I thank the noble Baroness for raising the success so far of the programme in reducing sugar in drinks. Between 2015 and 2019, we saw a 44% reduction in sales-weighted average total sugar in retailer and manufacturer-branded drinks subject to the soft drinks industry levy. The money raised through the soft drinks industry levy was not linked to any specific programmes or departmental spending. As the noble Baroness will be aware, departmental spend is allocated through spending reviews by the Treasury, and there is quite often some scepticism over hypothec—sorry, probably too much sugar, or not enough sugar—or hypothecated taxes, but we are committed to tackling childhood obesity through a number of different programmes.

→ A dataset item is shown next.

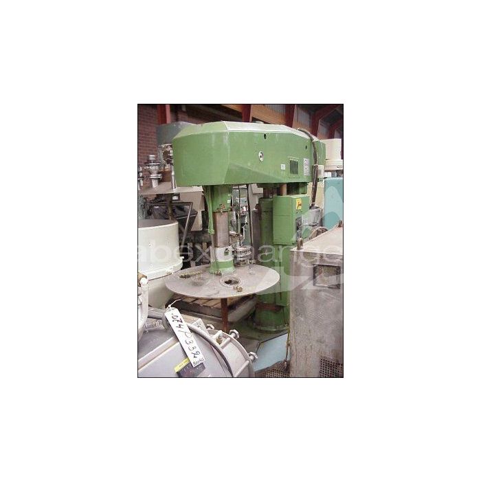 Dissolver Drais, type RSV 14, no. 44245, new 1971, mild steel, shaft length 1150 mm, disc diameter 400 mm, between shaft and frame 850 mm, with cover, motor 10 kW, 380 V, Ex., with variable speed drive, with pan, pan material stainless steel, capacity 700 L, pan sizes dia. 990 x 1000 mm, outlet dia. 100 mm, working pressure vacuum, with hydraulic lifting, with switchgear, floorspace 2,7 x 1,1 m, total height 2,9 m

My Lords, does the Minister agree that the problem is not just sugar but the fact that people are putting too many calories of all sorts in their mouth? The real answer to the obesity epidemic and the Covid problem is to reduce the total number of calories going into the mouth. If your waist measurement is more than half your height, you are eating too much of the gross national product.

I thank my noble friend for that catchy slogan; I wonder whether we could use it in some of our campaigns. As he rightly says, it is not just sugar. There are concerns about ultra-processed foods, for example, but also the size of portions. Many noble Lords will be aware that, for some simple products, the portion sizes have increased over the years, and if you want to get a small portion you have to either buy something and share it with someone or throw away half of it. We are looking at all these measures to make sure that our diets are healthier, that we have the right balance with smaller portions and that people are doing exercise. It is one thing is to consume those calories but another to burn them off.

My Lords, the Government buy 5% of the calories eaten every day; that is a figure from Henry Dimbleby. Does the Minister agree that the Government must do a lot more in a co-ordinated way to use government procurement in schools, hospitals, prisons and other institutions to ensure that the food available to people has far less sugar in it and, ideally, includes fresh fruit and vegetables rather than ultra-processed food?

I thank the noble Baroness for her recommendations for the sort of healthy diet we should have. She is absolutely right that, when government expects people to reduce their consumption of unhealthy food, it should set the way and lead by example. We are therefore looking at how we change diets in schools and across the public sector.